── DATASET EXTRACT

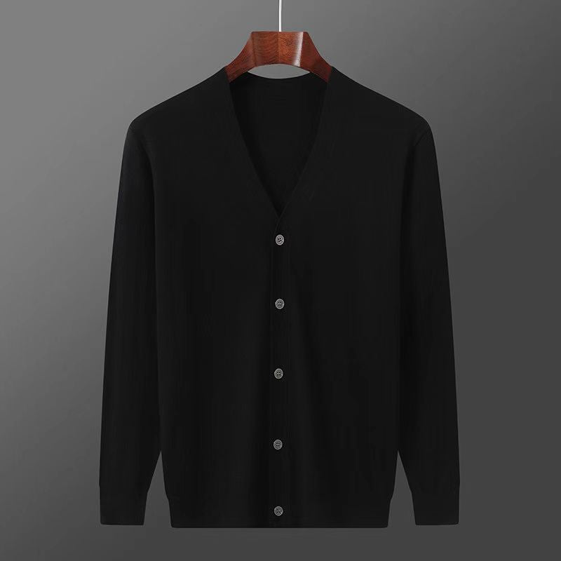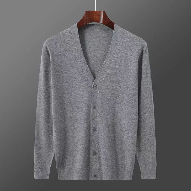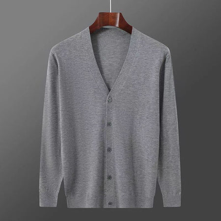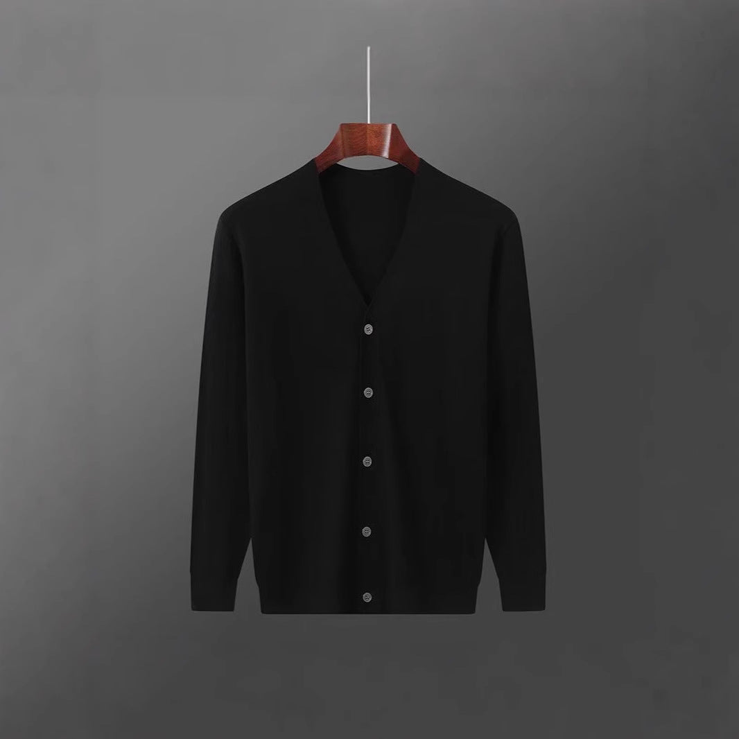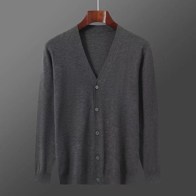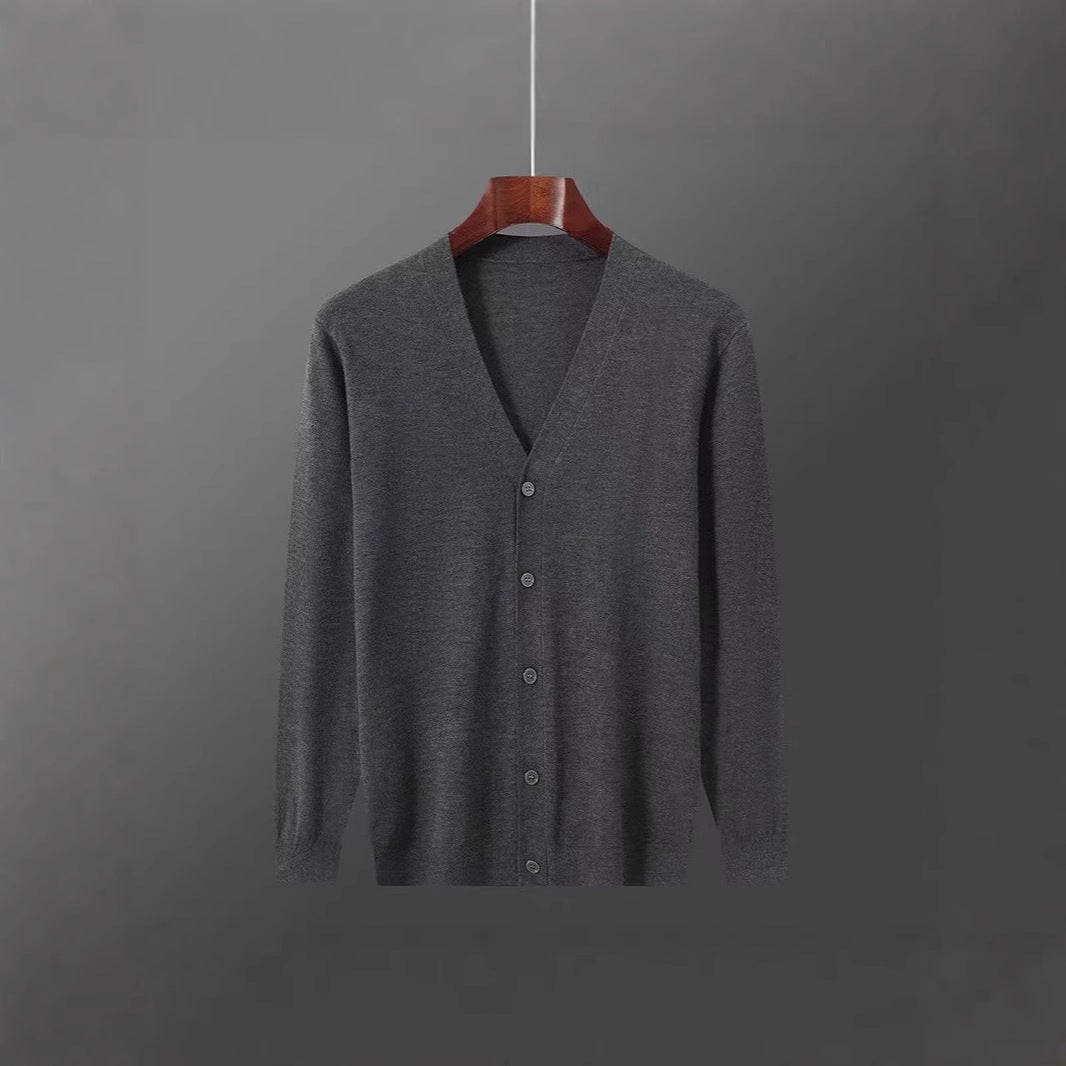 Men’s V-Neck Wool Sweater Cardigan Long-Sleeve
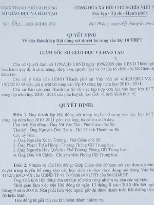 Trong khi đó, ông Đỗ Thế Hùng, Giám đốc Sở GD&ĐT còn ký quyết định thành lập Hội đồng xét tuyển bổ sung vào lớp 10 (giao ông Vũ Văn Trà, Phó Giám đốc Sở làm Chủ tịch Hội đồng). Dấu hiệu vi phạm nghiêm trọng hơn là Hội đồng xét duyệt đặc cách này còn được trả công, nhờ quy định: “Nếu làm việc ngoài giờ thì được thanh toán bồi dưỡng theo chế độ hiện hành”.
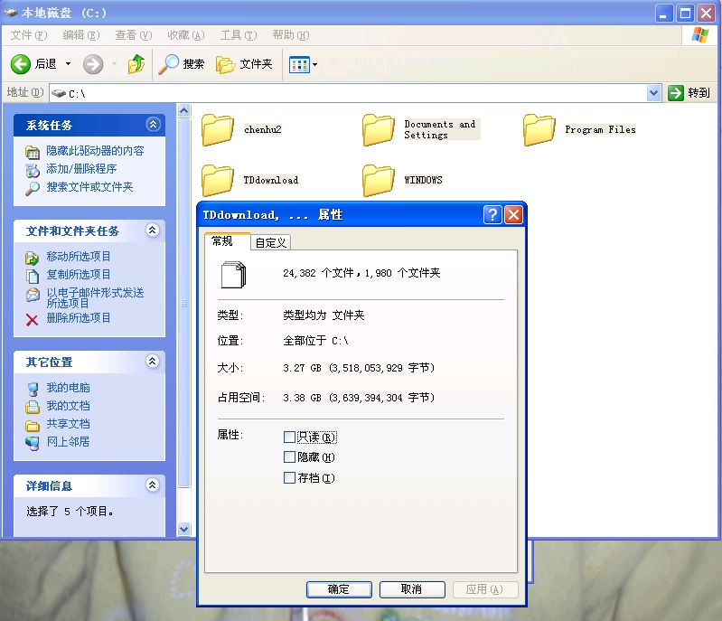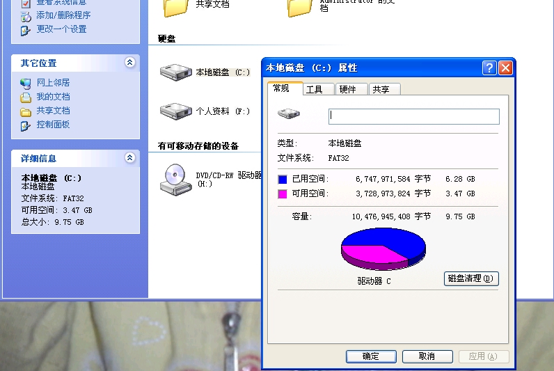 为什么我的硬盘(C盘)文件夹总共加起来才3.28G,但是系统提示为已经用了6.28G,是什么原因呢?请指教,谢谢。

────

WORK TO COMPLETE –
Leaving out the images, repeat the listing above exactly.

RESPONSE AREA –
 Men’s V-Neck Wool Sweater Cardigan Long-Sleeve
 Trong khi đó, ông Đỗ Thế Hùng, Giám đốc Sở GD&ĐT còn ký quyết định thành lập Hội đồng xét tuyển bổ sung vào lớp 10 (giao ông Vũ Văn Trà, Phó Giám đốc Sở làm Chủ tịch Hội đồng). Dấu hiệu vi phạm nghiêm trọng hơn là Hội đồng xét duyệt đặc cách này còn được trả công, nhờ quy định: “Nếu làm việc ngoài giờ thì được thanh toán bồi dưỡng theo chế độ hiện hành”.
 为什么我的硬盘(C盘)文件夹总共加起来才3.28G,但是系统提示为已经用了6.28G,是什么原因呢?请指教,谢谢。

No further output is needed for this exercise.